## EXERCISE PROMPT
An exact copy of every record below is required, with the pictures left out.

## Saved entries
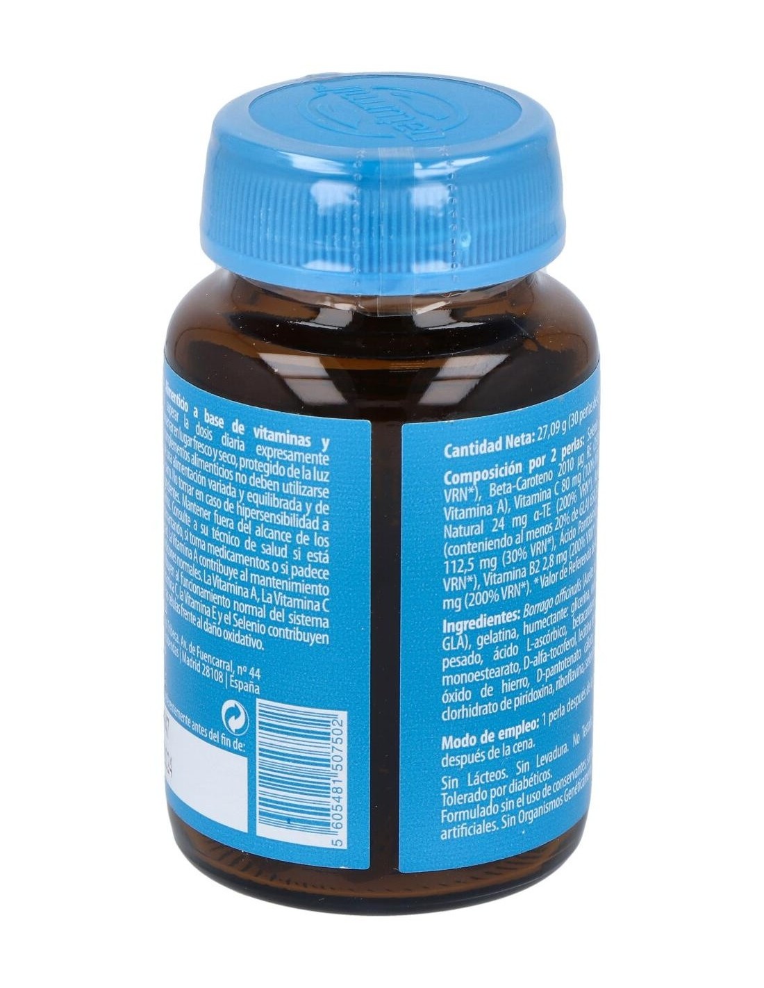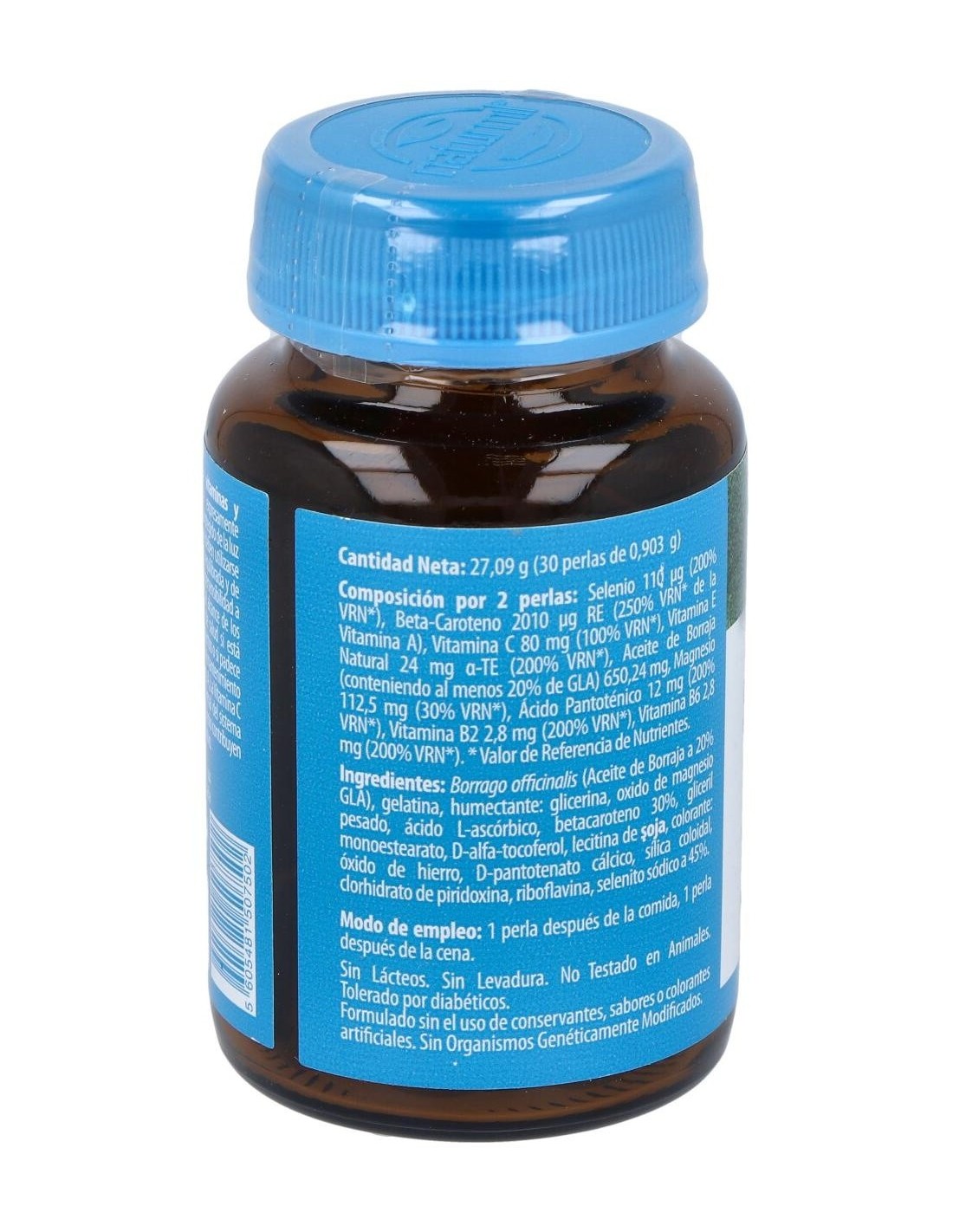 Selenio 110 µg (200% VRN*): Betacaroteno 2010 µg RE (250 % VRN* en Vitamina A): Vitamina C 80 mg (100% VRN*): Vitamina E natural 24 mg a-TE (200% VRN*): Aceite de Borraja (contendo 20% GLA) 650,24 mg: Magnesio 112,5 mg (30% VRN*): Ácido Pantoténico 12 mg (200% VRN*): Vitamina B2 2,8 mg (200% VRN*): Vitamina B6 2,8 mg (200% VRN*).
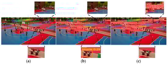 Figure 16a depicts the original image, Figure 16b illustrates the detection outcome of the YOLOv8n model, and Figure 16c depicts the detection outcome of the ESOD-YOLO model proposed in this paper. In Figure 16a, a group of people can be seen in the upper right corner. The detection result in Figure 16b demonstrates that the YOLOv8n model is unable to detect the group of people and erroneously identifies the bench in the centre of the image as a bicycle. Figure 16c demonstrates that the ESOD-YOLO model is capable of accurately detecting the group of people in the upper right corner of the image without misidentifying the bench in the middle of the image. It demonstrates that the ESOD-YOLO model is more accurate and robust in dealing with small objects and complex scenes and is significantly more effective than the YOLOv8n model.
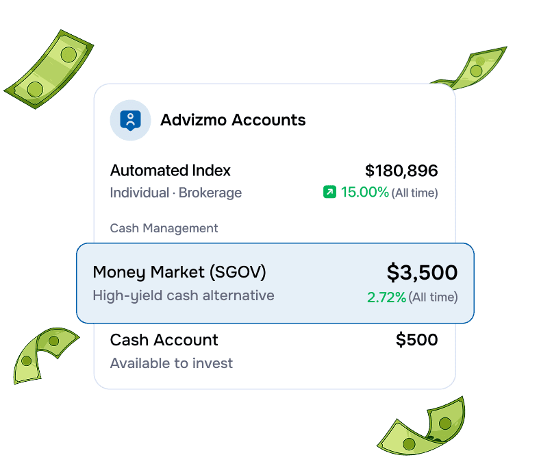 * Estimates only. Not financial advice. Bank APY 0.07%. Market return 7%/yr. Advizmo tax alpha 1.5%/yr based on Vanguard (2022), J.P. Morgan (2023), and MIT Sloan (2012) research on tax-efficient investing strategies. All idle cash invested at 8.5%/yr with Advizmo. Individual results vary. Past performance does not guarantee future results. Not tax advice. References do not constitute endorsements of Advizmo.
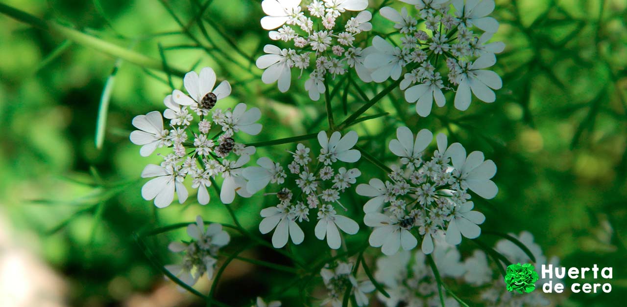 El cilantro atrae numerosos insectos beneficiosos, como avispas depredadoras y taquinidos, un tipo de mosca que parasita insectos plagas del huerto.Repele:
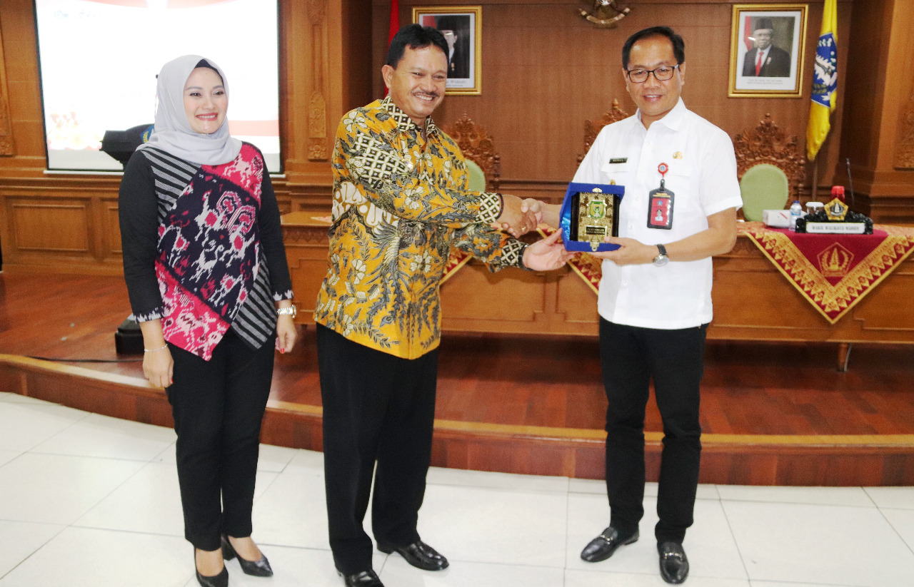 Wakil Bupati Badung I Ketut Suiasa menerima kunjungan Pemerintah Kota Madiun Provinsi Jawa Timur di Puspem Badung, Rabu (30/10). Kunjungan ini menindaklanjuti kunjungan pertama mengenai program pengadaan laptop gratis untuk siswa SD dan SMP. Rombongan yang dipimpin langsung Walikota Madiun Drs. H.Maidi, SH. Dan Wakil Walikota Madiun Inda Raya Ayu Mikosaputri, bersama Dekan Universitas Merdeka Madiun, Drs. Agus Wiyaka dan Kadis Pendidikan Kota Madiun Drs. Heri Wasana.
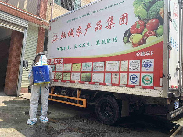 同時,為保障運輸安全,燦城農產品集團將每次出勤的車輛委托第三方進行全方位消毒,員工進行集中管理,對進入廠內的農產品進行快檢和定量檢測,保障農產品安全。
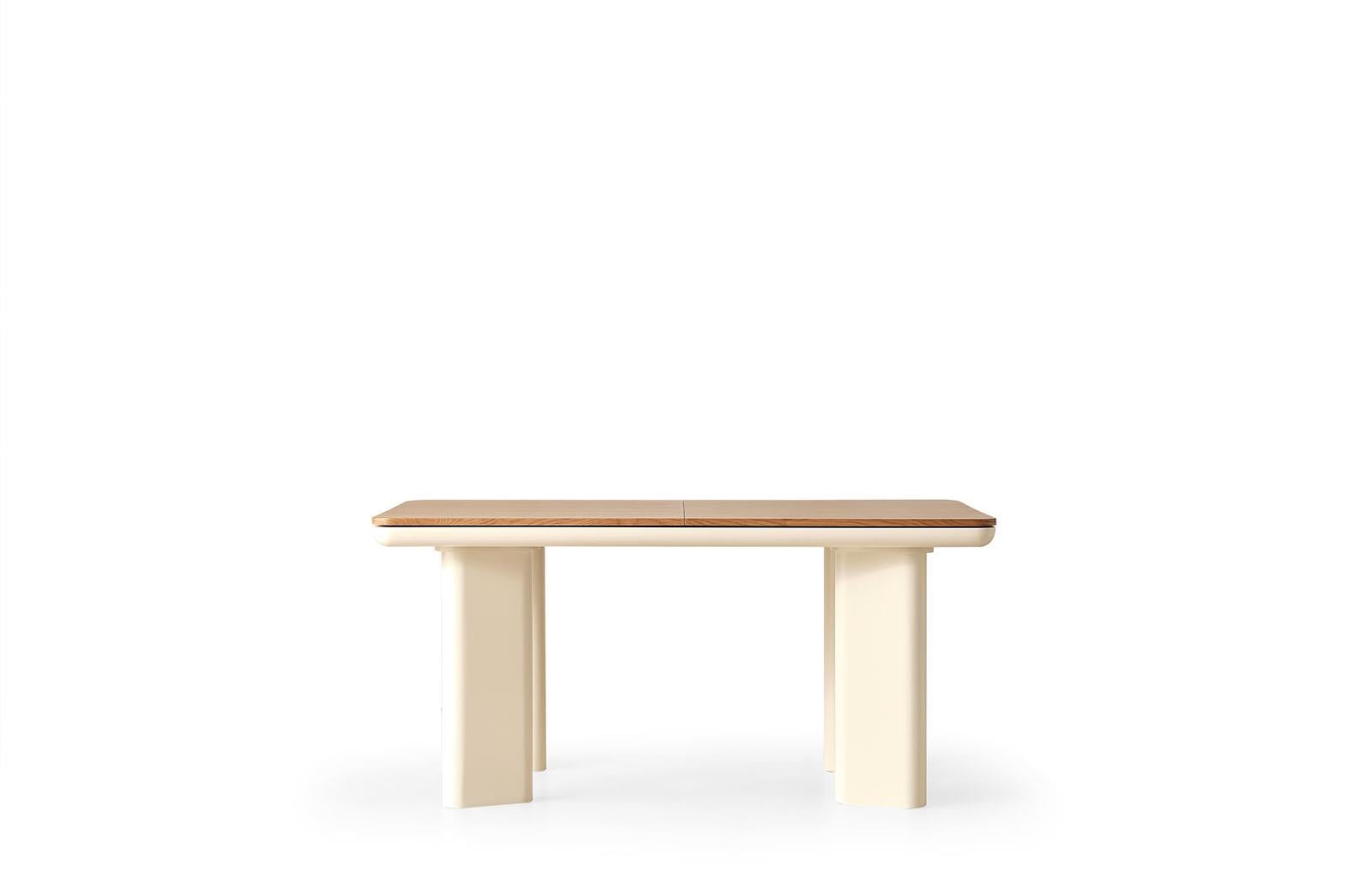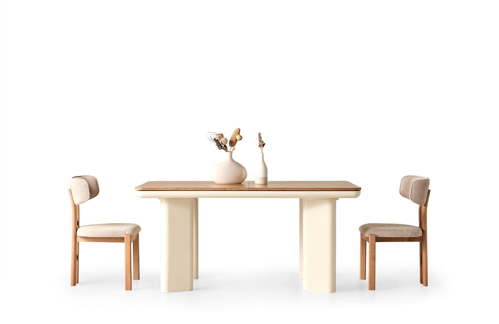 Ekru rengindeki Melos Yemek Odası Takımı, açık ceviz ve ekru tonlarının uyumuyla modern bir görünüm sunuyor. Göz alıcı bir yemek odası dekorasyonu yaratmak isteyenler için tasarlanan takım, sadeliğiyle ön plana çıkarken, robot süpürge uyumluluğuyla da günlük yaşamı kolaylaştırıyor. Salon yemek masası takımı olarak tercih edilen bu model, farklı tarzlarda dekorasyona kolayca uyum sağlıyor.

## RESPONSE TO THE EXERCISE
 Selenio 110 µg (200% VRN*): Betacaroteno 2010 µg RE (250 % VRN* en Vitamina A): Vitamina C 80 mg (100% VRN*): Vitamina E natural 24 mg a-TE (200% VRN*): Aceite de Borraja (contendo 20% GLA) 650,24 mg: Magnesio 112,5 mg (30% VRN*): Ácido Pantoténico 12 mg (200% VRN*): Vitamina B2 2,8 mg (200% VRN*): Vitamina B6 2,8 mg (200% VRN*).
 Figure 16a depicts the original image, Figure 16b illustrates the detection outcome of the YOLOv8n model, and Figure 16c depicts the detection outcome of the ESOD-YOLO model proposed in this paper. In Figure 16a, a group of people can be seen in the upper right corner. The detection result in Figure 16b demonstrates that the YOLOv8n model is unable to detect the group of people and erroneously identifies the bench in the centre of the image as a bicycle. Figure 16c demonstrates that the ESOD-YOLO model is capable of accurately detecting the group of people in the upper right corner of the image without misidentifying the bench in the middle of the image. It demonstrates that the ESOD-YOLO model is more accurate and robust in dealing with small objects and complex scenes and is significantly more effective than the YOLOv8n model.
 * Estimates only. Not financial advice. Bank APY 0.07%. Market return 7%/yr. Advizmo tax alpha 1.5%/yr based on Vanguard (2022), J.P. Morgan (2023), and MIT Sloan (2012) research on tax-efficient investing strategies. All idle cash invested at 8.5%/yr with Advizmo. Individual results vary. Past performance does not guarantee future results. Not tax advice. References do not constitute endorsements of Advizmo.
 El cilantro atrae numerosos insectos beneficiosos, como avispas depredadoras y taquinidos, un tipo de mosca que parasita insectos plagas del huerto.Repele:
 Wakil Bupati Badung I Ketut Suiasa menerima kunjungan Pemerintah Kota Madiun Provinsi Jawa Timur di Puspem Badung, Rabu (30/10). Kunjungan ini menindaklanjuti kunjungan pertama mengenai program pengadaan laptop gratis untuk siswa SD dan SMP. Rombongan yang dipimpin langsung Walikota Madiun Drs. H.Maidi, SH. Dan Wakil Walikota Madiun Inda Raya Ayu Mikosaputri, bersama Dekan Universitas Merdeka Madiun, Drs. Agus Wiyaka dan Kadis Pendidikan Kota Madiun Drs. Heri Wasana.
 同時,為保障運輸安全,燦城農產品集團將每次出勤的車輛委托第三方進行全方位消毒,員工進行集中管理,對進入廠內的農產品進行快檢和定量檢測,保障農產品安全。
 Ekru rengindeki Melos Yemek Odası Takımı, açık ceviz ve ekru tonlarının uyumuyla modern bir görünüm sunuyor. Göz alıcı bir yemek odası dekorasyonu yaratmak isteyenler için tasarlanan takım, sadeliğiyle ön plana çıkarken, robot süpürge uyumluluğuyla da günlük yaşamı kolaylaştırıyor. Salon yemek masası takımı olarak tercih edilen bu model, farklı tarzlarda dekorasyona kolayca uyum sağlıyor.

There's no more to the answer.